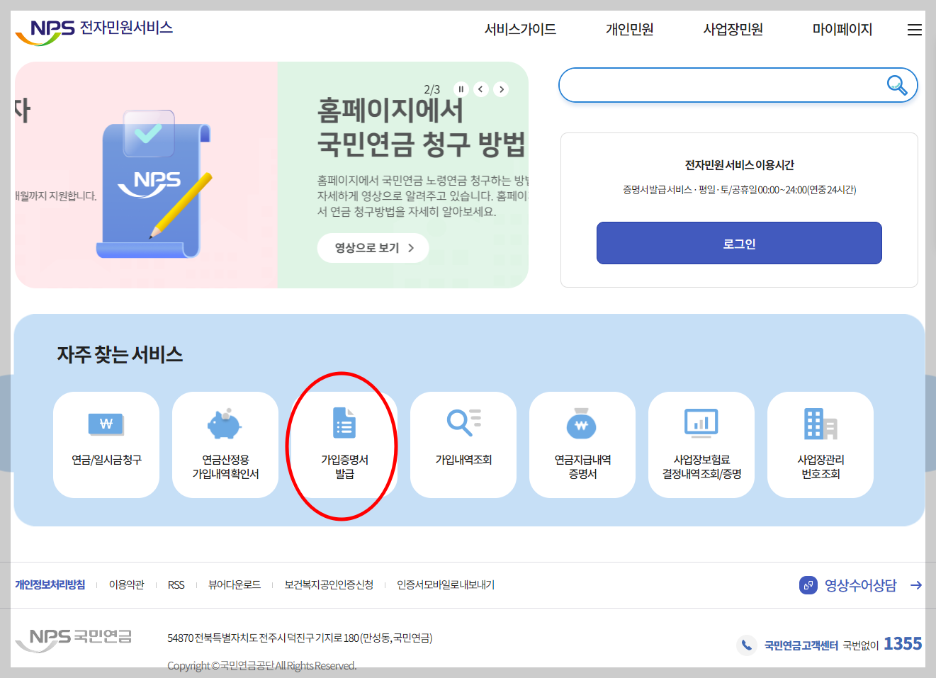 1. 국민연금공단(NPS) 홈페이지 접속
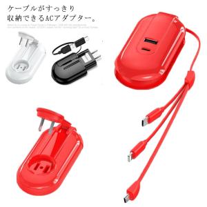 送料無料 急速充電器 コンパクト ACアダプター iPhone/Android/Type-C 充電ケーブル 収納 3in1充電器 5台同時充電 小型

━━━━━━━━━━━━━━━━━━━━━━━━━━━━━━

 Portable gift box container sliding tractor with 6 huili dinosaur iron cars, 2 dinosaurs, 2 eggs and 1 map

━━━━━━━━━━━━━━━━━━━━━━━━━━━━━━

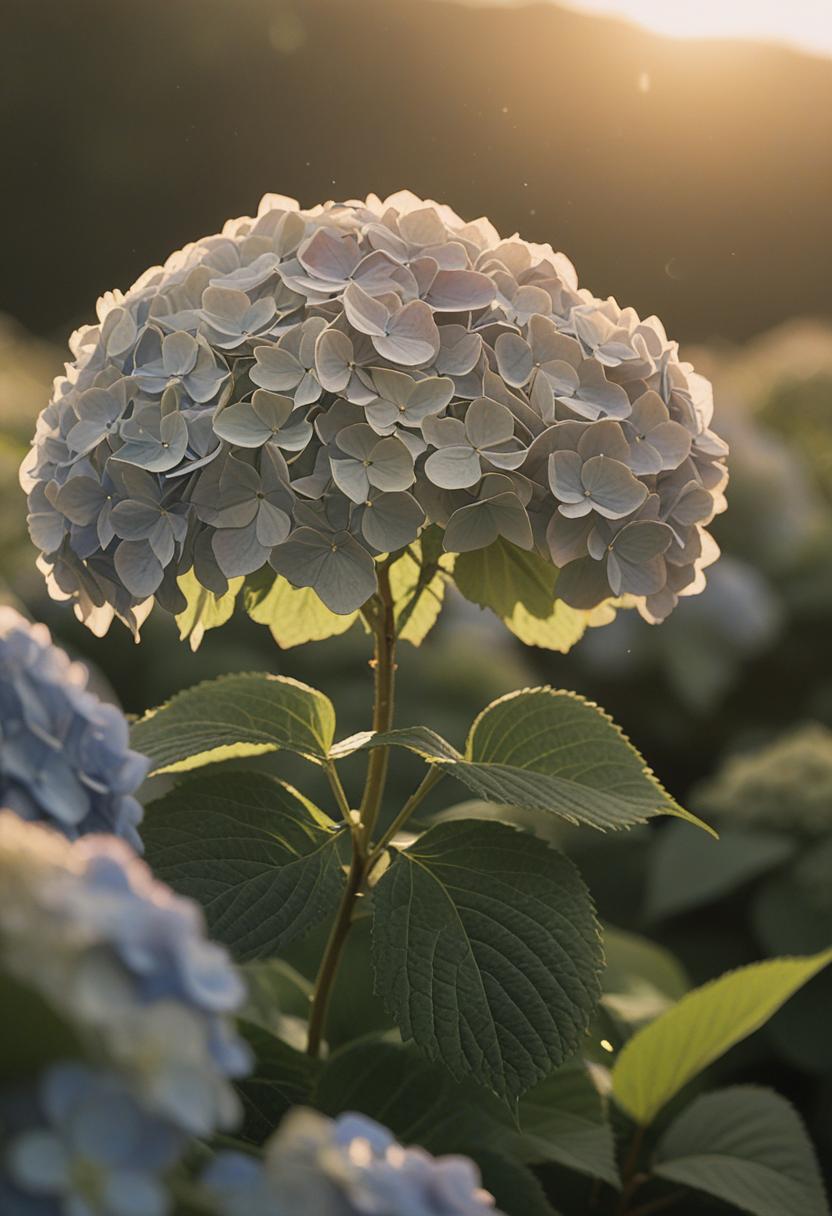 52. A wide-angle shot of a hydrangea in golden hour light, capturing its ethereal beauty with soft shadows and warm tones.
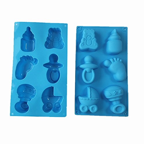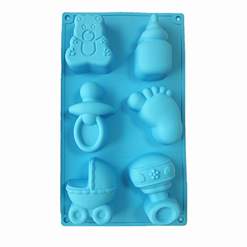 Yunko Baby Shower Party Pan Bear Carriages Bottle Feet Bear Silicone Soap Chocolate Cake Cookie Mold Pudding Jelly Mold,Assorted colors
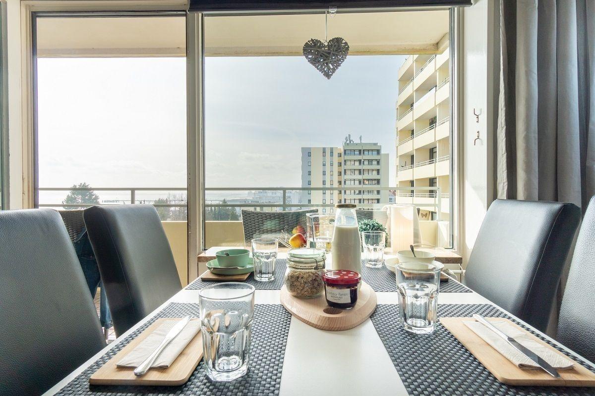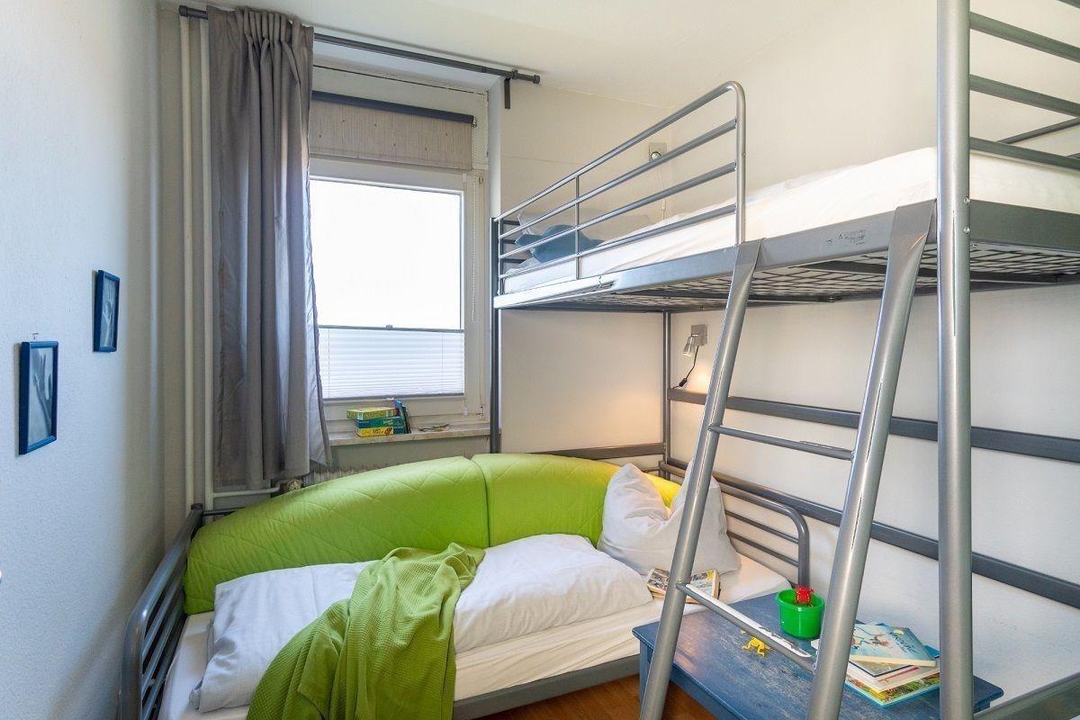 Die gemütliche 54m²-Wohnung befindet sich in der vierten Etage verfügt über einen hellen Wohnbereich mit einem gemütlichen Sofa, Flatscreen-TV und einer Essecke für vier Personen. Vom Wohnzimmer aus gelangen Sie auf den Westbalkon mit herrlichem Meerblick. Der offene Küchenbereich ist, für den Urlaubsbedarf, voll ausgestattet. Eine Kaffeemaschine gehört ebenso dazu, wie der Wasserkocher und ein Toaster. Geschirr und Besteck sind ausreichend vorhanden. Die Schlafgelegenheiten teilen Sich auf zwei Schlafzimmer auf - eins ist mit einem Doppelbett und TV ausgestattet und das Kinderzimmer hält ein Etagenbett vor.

━━━━━━━━━━━━━━━━━━━━━━━━━━━━━━

• **What you are asked to do**
Each line between the one holding "Yunko Baby Shower" and the one holding "Die gemütliche 54m²-Wohnung", inclusive, should be copied exactly as it appears above, and pictures should be omitted.

• **Task solution**
 Yunko Baby Shower Party Pan Bear Carriages Bottle Feet Bear Silicone Soap Chocolate Cake Cookie Mold Pudding Jelly Mold,Assorted colors
 Die gemütliche 54m²-Wohnung befindet sich in der vierten Etage verfügt über einen hellen Wohnbereich mit einem gemütlichen Sofa, Flatscreen-TV und einer Essecke für vier Personen. Vom Wohnzimmer aus gelangen Sie auf den Westbalkon mit herrlichem Meerblick. Der offene Küchenbereich ist, für den Urlaubsbedarf, voll ausgestattet. Eine Kaffeemaschine gehört ebenso dazu, wie der Wasserkocher und ein Toaster. Geschirr und Besteck sind ausreichend vorhanden. Die Schlafgelegenheiten teilen Sich auf zwei Schlafzimmer auf - eins ist mit einem Doppelbett und TV ausgestattet und das Kinderzimmer hält ein Etagenbett vor.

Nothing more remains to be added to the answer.